Edelstein-Keshet is known for her contributions to the field of mathematical biology and biophysics. Her research spans many topics including sub-cellular biology, ecology, and biomedical research, with particular focus on cell motility and the cytoskeleton, modeling of physiology and diseases, such as autoimmune diabetes, and swarming and aggregation behavior in social organisms.

She is a full-time professor at the University of British Columbia in Vancouver, Canada.

== Early life and education ==
Edelstein-Keshet was born in Israel, and moved to Canada with her parents when she was 12. She earned her Bachelor of Science and Master of Science in Mathematics from Dalhousie University and received in 1982 her doctorate in Applied Mathematics from the Weizmann Institute of Science in Israel, where she was supervised by Lee Segel.

== Career ==
Edelstein-Keshet held teaching positions at Brown University and Duke University before joining the University of British Columbia as an associate professor in 1989, where she is now Associate Head (Faculty Affairs). She has authored three books, including Mathematical Models in Biology in the SIAM Series and Classics in Applied Mathematics. In 1995 she became the first female president of the Society for Mathematical Biology.

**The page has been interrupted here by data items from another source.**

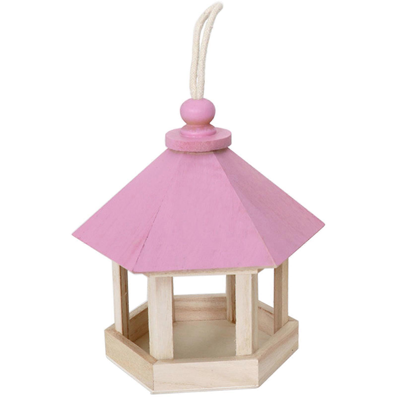 Wooden Wild Bird Feeder with Sloping Roof Hanging Wood Birdhouse for Outside
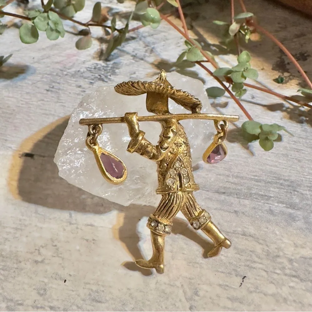Vintage Asian Water Carrier Gold Brooch With Rhinestones and Amethyst Crystal - $120 - From My Sea Of
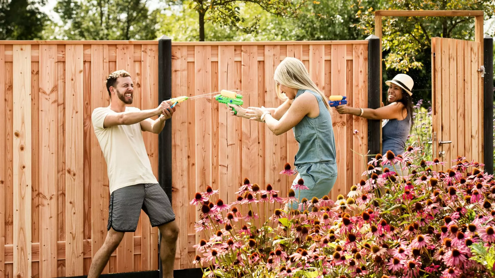 Ongestoord in de tuin zitten met een schutting van Hillhout of Woodvison
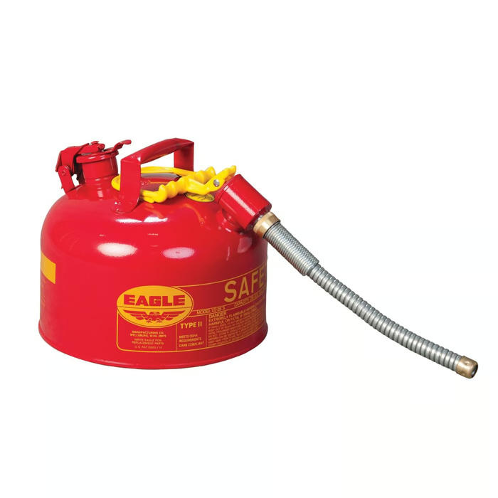 Eagle 2.5 Gallon Type-II Safety Can (U226S) feature two openings, one with a pressure-relief spring closing lid for filling, one with an actuated pour valve with a flexible metal spout for safer controlled dispensing. The filler spout and flame arrestors in both openings are non-sparking brass designed for flashback protection. Can includes a 7/8" flexible metal spout and a red (for gasoline and other flammable liquids) powder coat finish with a trilingual label. FM, UL, and ULC Approved and meet OSHA and NFPA Code 30 requirements. Compliance: OSHA 29 CFR 1910.106, 1925.152 and NFPA Code 30.
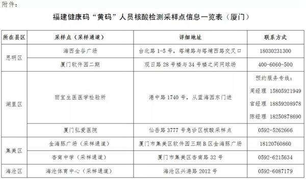 东南网9月27日讯(本网记者 邹玒)27日,厦门市应对新冠肺炎疫情工作指挥部发布2021年第20号通告,决定为健康码“黄码”人员开辟核酸检测专门通道,首次开辟时间为9月27日至9月29日。 通告中表示,除同安区人员,封控区、管控区人员,集中隔离、居家隔离等医学观察期未满人员以外,其他在厦健康码为“黄码”的人员,以及接到厦门市疫情防控指挥部短信通知的人员,应当到“黄码”专门通道参加检测。 参加专门通道检测须凭健康码“黄码”或厦门市疫情防控指挥部短信通知。上述人员应参加两次专门通道核酸检测,且两次采样须间隔24小时以上,如检测结果均为阴性,经审核可转为“绿码”;厦门市疫情防控指挥部短信通知另有要求的,按通知要求执行。 健康码“黄码”人员凭本人身份证(户口本)向所在村(居)或小区登记报备后外出参加专门通道核酸检测,村(居)或小区应为其返回提供便利。 凡应检未检造成疫情传播的,依法追究责任。认为被赋健康码“黄码”不准确的人员,可通过“i厦门”公众号、厦门12345公众号“健康码‘黄码’诉求提交栏目”提交材料申请调整,如有疑问,请咨询0592-12345。 本次专门通道开放时间为每日9:00-12:00、14:00-20:00,如有调整详见“i厦门”公众号疫情防控专区《福建健康码黄码人员核酸检测采样点信息一览表(厦门)》。今后开放专门通道时间将另行通知。专门通道未开放时,上述人员可自行前往相关医疗机构自费进行核酸检测。

== Awards and recognition ==
In 2003 she was awarded the Krieger–Nelson Prize of the Canadian Mathematical Society. She became a Fellow of the Society for Industrial and Applied Mathematics in 2014 "for contributions to the mathematics and modeling of the cell, the immune system, and biological swarms, as well as to applied mathematics education". She was also awarded a Faculty of Science Award for Leadership from the University of British Columbia. She is the 2022 SIAM John von Neumann Prize Lecturer.